Subscription commerce is going through a consolidation phase this year. After the acquisition of SuprDaily, Doodhwala shut its operations while DailyNinja is getting acquired by e-grocer BigBasket. The only significant player left in the segment is Milkbasket.
While the firm is trying to raise capital, it filed its annual financial report for the fiscal year ending March 2019. According to the report, revenue from operations increased by 2.88X to Rs 84.5 crore in FY19, up from Rs 29.3 crore in the previous fiscal.
The Gurugram-based company earned Rs 83.5 crore from selling goods and another Rs 98.63 lakh by providing ancillary services. Meanwhile, the total expenses shot up 3.11X to Rs 94.18 crore in the last fiscal from Rs 30.24 crore in FY18.
While the expenses soared, Milkbasket’s losses blew up 10X to Rs 9.54 crore in FY19 from a mere Rs 95 lakh in the preceding fiscal. Importantly, the outstanding losses of the company stood at Rs 11.61 crore in FY19, up from Rs 2.06 crore in FY18.
Purchase of stock in trade is the biggest cost factor for the company, making up 87.17% of the total expenses by the company during FY19. These purchases grew nearly 3X from Rs 27.8 crore in FY18 to Rs 82.1 crore during FY19.
To manage the growing scale, the company increased its workforce which was clearly reflected under employee benefits which grew 5.02X to Rs 2.11 crore in FY19 from Rs 42.2 lakh in FY18.
The company worked hard to improve its visibility in the market, spending Rs 4.73 crore on advertising and promotion. This is a 14.8X jump in FY19 from only Rs 32.74 lakh in the preceding financial year.

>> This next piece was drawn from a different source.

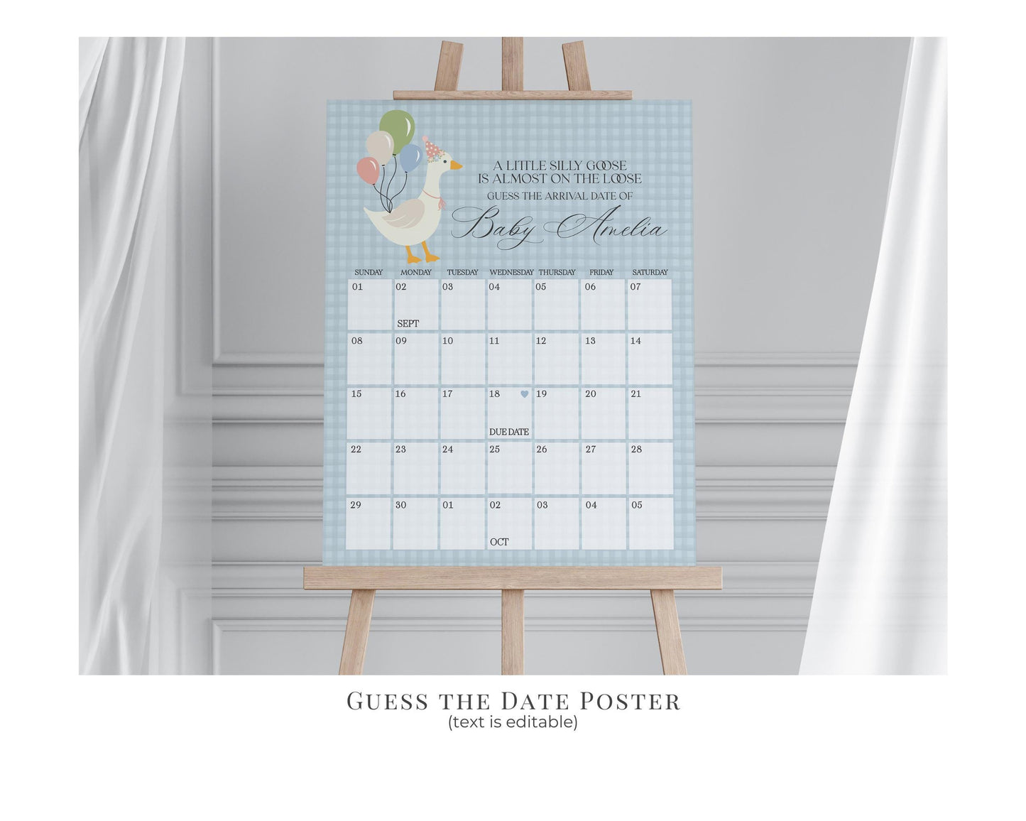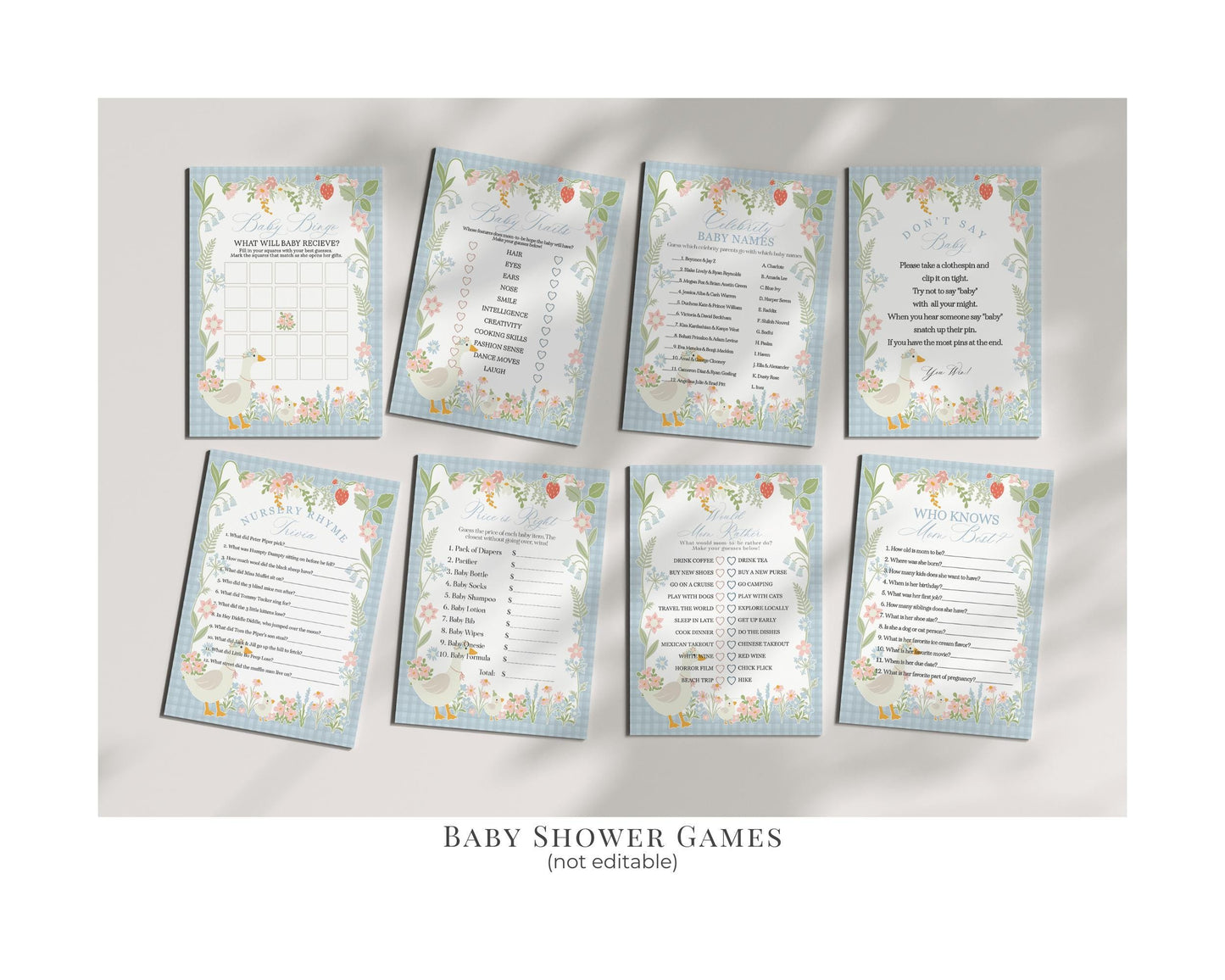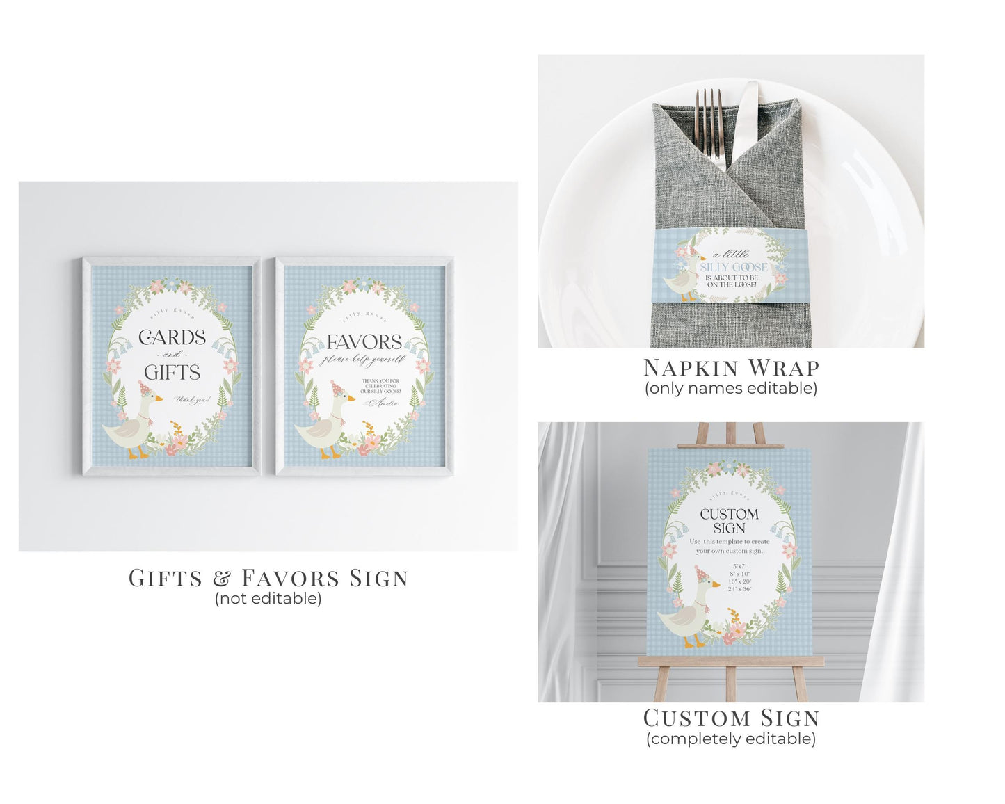 Blue Floral Silly Goose Baby Shower Bundle Printable Template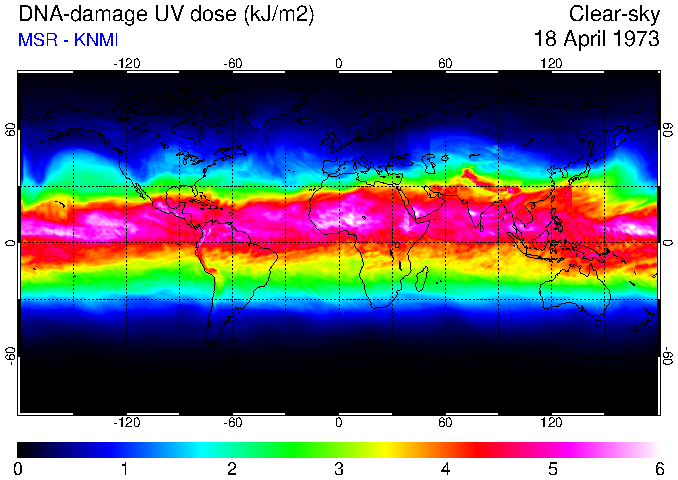 Daily UV dose:   erythemal  |  vitamin-D  |  DNA-damage

The net cash outflow from operations stood at Rs 5.31 crore in FY19. It’s worth noting that the company had generated positive operating cash flows of Rs 4.7 lakh during FY18.
The above figures hint that while Milkbasket has spent substantially more money on its operations, the company has not succeeded in scaling up its revenues efficiently.
Burning cash helped the company to achieve a 188.4% jump in revenues. In contrast, its losses spiked by a whopping 900% during the year ended in March 2019. Clearly, revenue hasn’t kept pace with expenditure.
Given that Milkbasket has downscaled operations across locations and is focusing on turning profitable this year, its burn rate is expected to go down in the ongoing fiscal.
Milkbasket is the only independent play left in the subscription commerce or micro-delivery space. It would be exciting to observe how the company evolves from here.